The records -
Start of Block
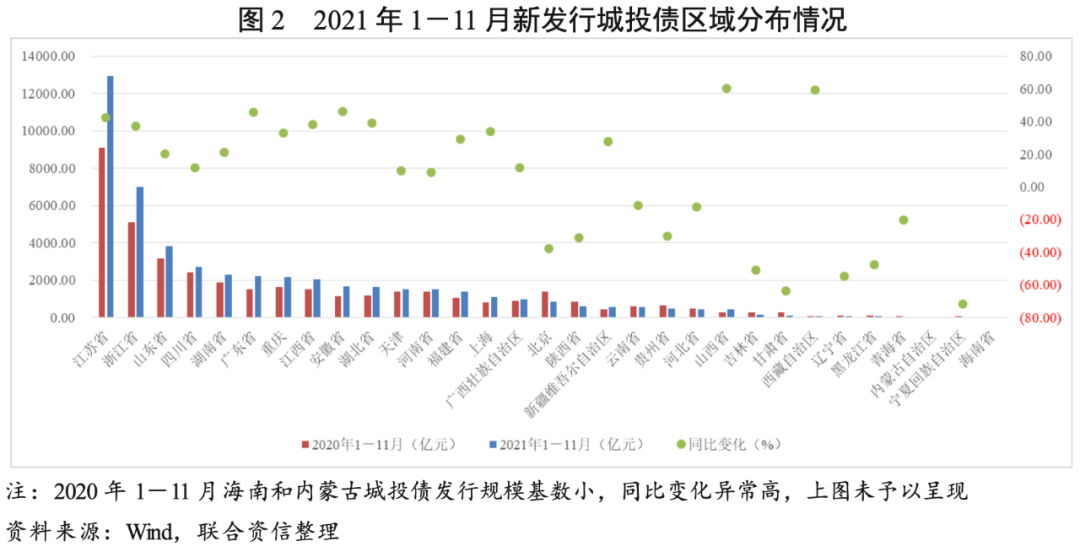 截至2021年11月底,存續城投債數量16254支,余額118871.47億元,較上年同期分別增長28.10%和21.25%。從區域分布看,截至2021年11月底,江蘇和浙江的存續城投債余額為萬億級,其中江蘇余額超過2.5萬億元,浙江余額超過1.5萬億元;山東、四川、湖南和重慶的存續城投債余額超過5000億元;海南、寧夏、內蒙古、黑龍江、青海、遼寧及西藏存續城投債余額不足100億元。
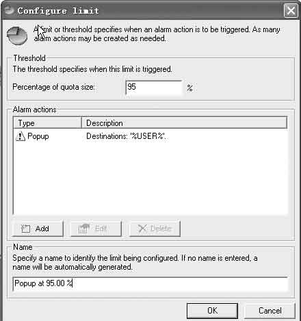 双击“Name”栏中的“Popup at 75.00 %”项目,弹出“Configure Limit”对话框 (图4),在“Percentage of Quota size”栏中输入“95”,点击“OK”按钮,点击“下一步”后,在“Quota-Save policy”对话框中的“policy”栏中输入“1000 MB, 95% Popup, 100% Popup, Revoke Access, Log”,为修改后的配额策略取个名,最后点击“完成”按钮即可完成内置配额策略的修改。
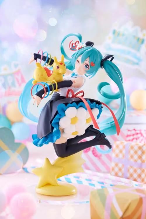 From the Hatsune Miku series comes this PVC Statue. She stands 20 cm tall and comes with base in a printed box packaging.
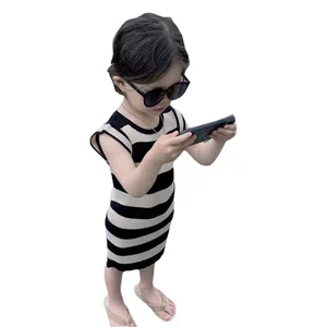 Летнее платье-поло с короткими рукавами для девочек, летняя полосатая юбка трапециевидной формы для маленьких девочек, горячий стиль интернет-знаменитостей, дропшиппинг
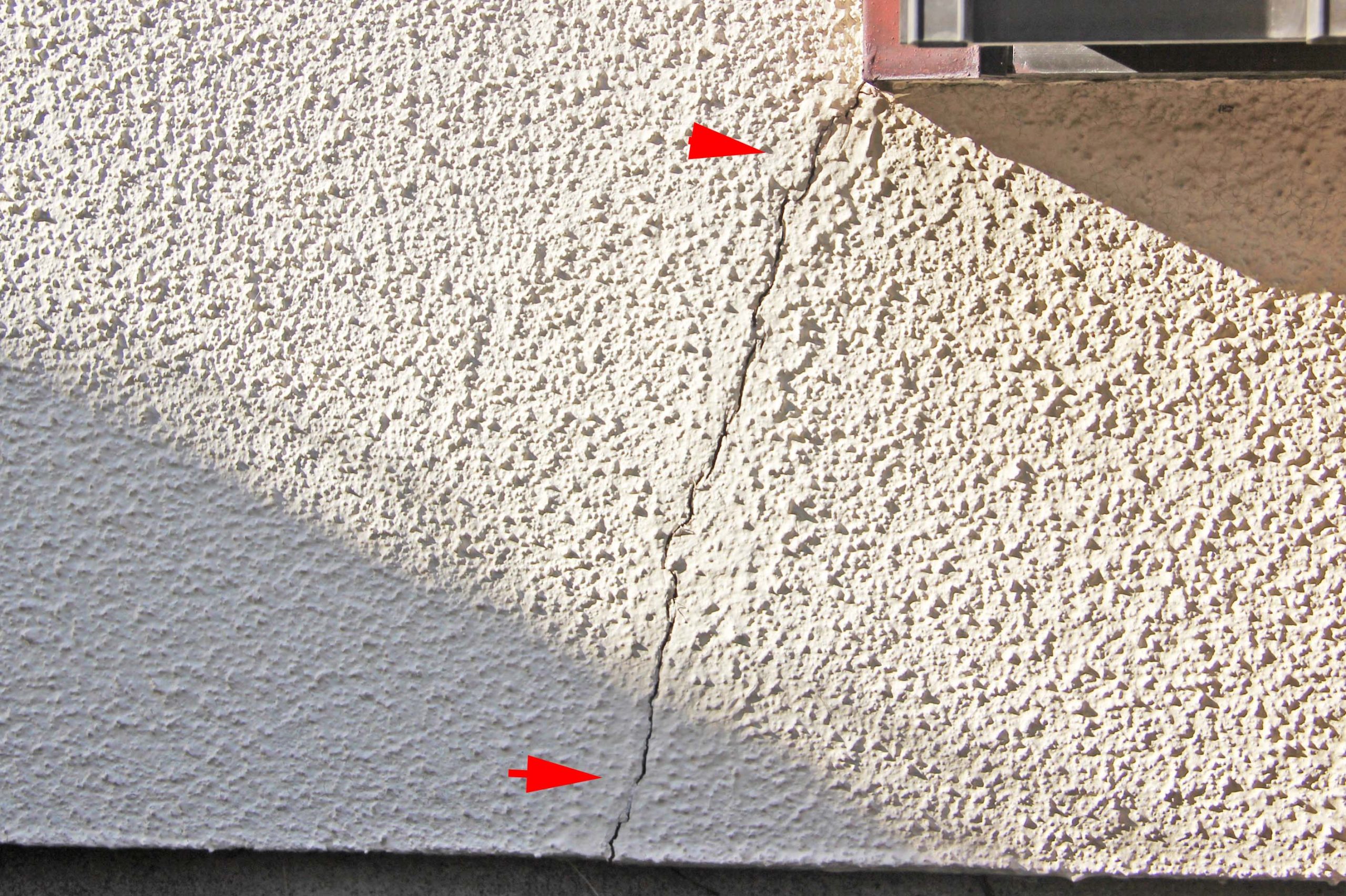 外壁にはあちこちひび割れの補修箇所が見られました。新たなひび割れも発生していてこの状態ですと雨水が内部へと侵入してしまいます。欠損箇所も見受けられました。
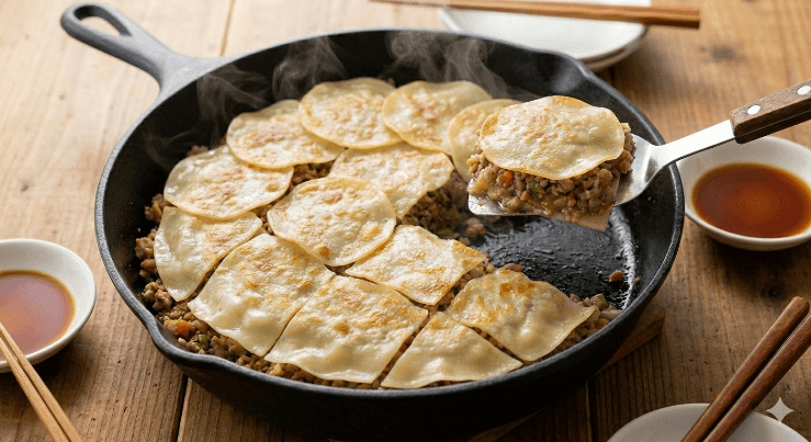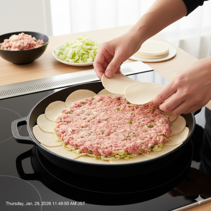 包まない餃子とは、餃子の具材と皮を個別に包まず、まとめて焼き上げる調理法です。
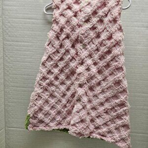 New Girls Pink Applique 3D Flower Weave Chenille Creations Dress Pink Green 2T
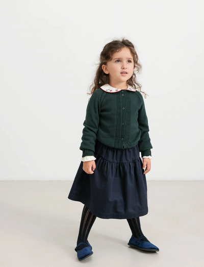 Long-sleeved T-shirt with a pretty collar and floral embroidery. The blouse fastens at the back with buttons
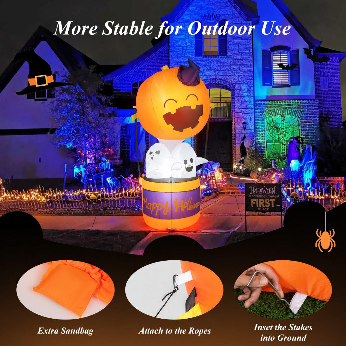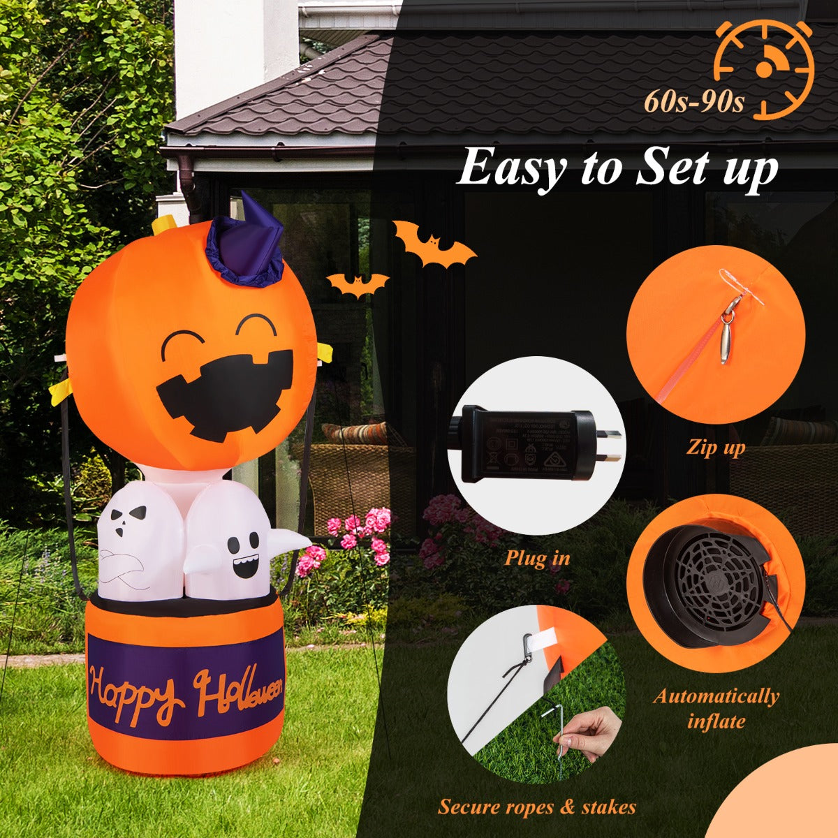 NNECW 180CM Halloween Inflatable Pumpkin Hot Air Balloon with Ghosts
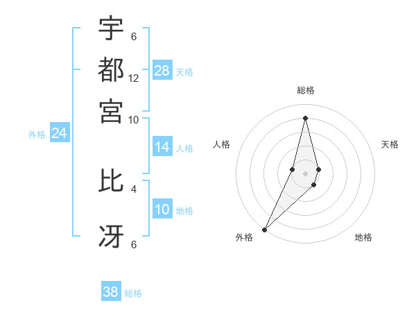 宇都宮 比冴さんを姓名の画数から五運を鑑定
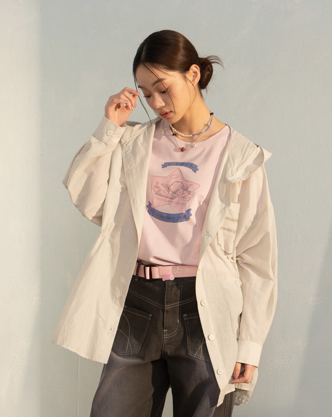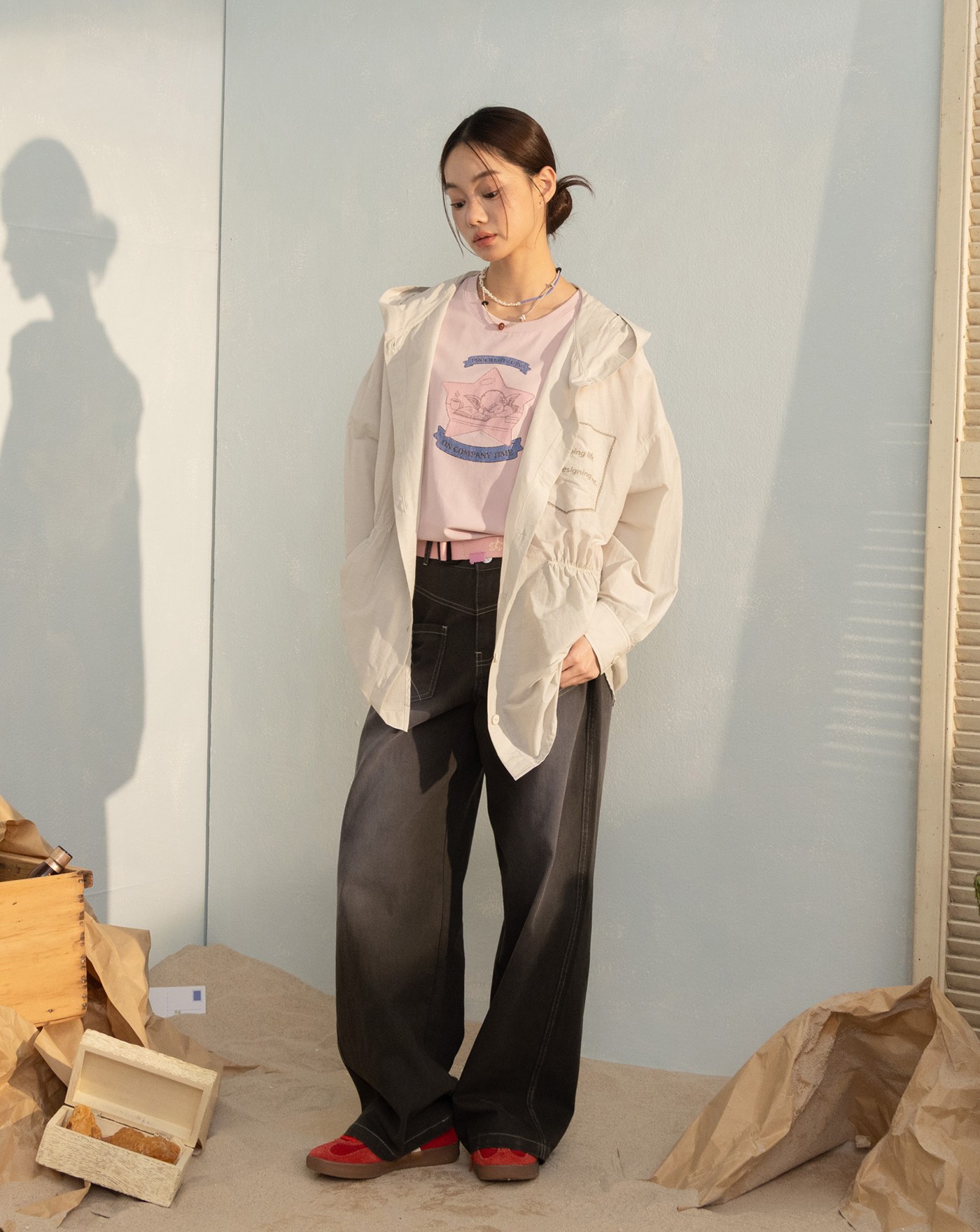 A|抽皺荷葉邊格紋連帽外套(兩色)
End of Block
What you output must match the data exactly, apart from the pictures, which are left out.

 截至2021年11月底,存續城投債數量16254支,余額118871.47億元,較上年同期分別增長28.10%和21.25%。從區域分布看,截至2021年11月底,江蘇和浙江的存續城投債余額為萬億級,其中江蘇余額超過2.5萬億元,浙江余額超過1.5萬億元;山東、四川、湖南和重慶的存續城投債余額超過5000億元;海南、寧夏、內蒙古、黑龍江、青海、遼寧及西藏存續城投債余額不足100億元。
 双击“Name”栏中的“Popup at 75.00 %”项目,弹出“Configure Limit”对话框 (图4),在“Percentage of Quota size”栏中输入“95”,点击“OK”按钮,点击“下一步”后,在“Quota-Save policy”对话框中的“policy”栏中输入“1000 MB, 95% Popup, 100% Popup, Revoke Access, Log”,为修改后的配额策略取个名,最后点击“完成”按钮即可完成内置配额策略的修改。
 From the Hatsune Miku series comes this PVC Statue. She stands 20 cm tall and comes with base in a printed box packaging.
 Летнее платье-поло с короткими рукавами для девочек, летняя полосатая юбка трапециевидной формы для маленьких девочек, горячий стиль интернет-знаменитостей, дропшиппинг
 外壁にはあちこちひび割れの補修箇所が見られました。新たなひび割れも発生していてこの状態ですと雨水が内部へと侵入してしまいます。欠損箇所も見受けられました。
 包まない餃子とは、餃子の具材と皮を個別に包まず、まとめて焼き上げる調理法です。
 New Girls Pink Applique 3D Flower Weave Chenille Creations Dress Pink Green 2T
 Long-sleeved T-shirt with a pretty collar and floral embroidery. The blouse fastens at the back with buttons
 NNECW 180CM Halloween Inflatable Pumpkin Hot Air Balloon with Ghosts
 宇都宮 比冴さんを姓名の画数から五運を鑑定
 A|抽皺荷葉邊格紋連帽外套(兩色)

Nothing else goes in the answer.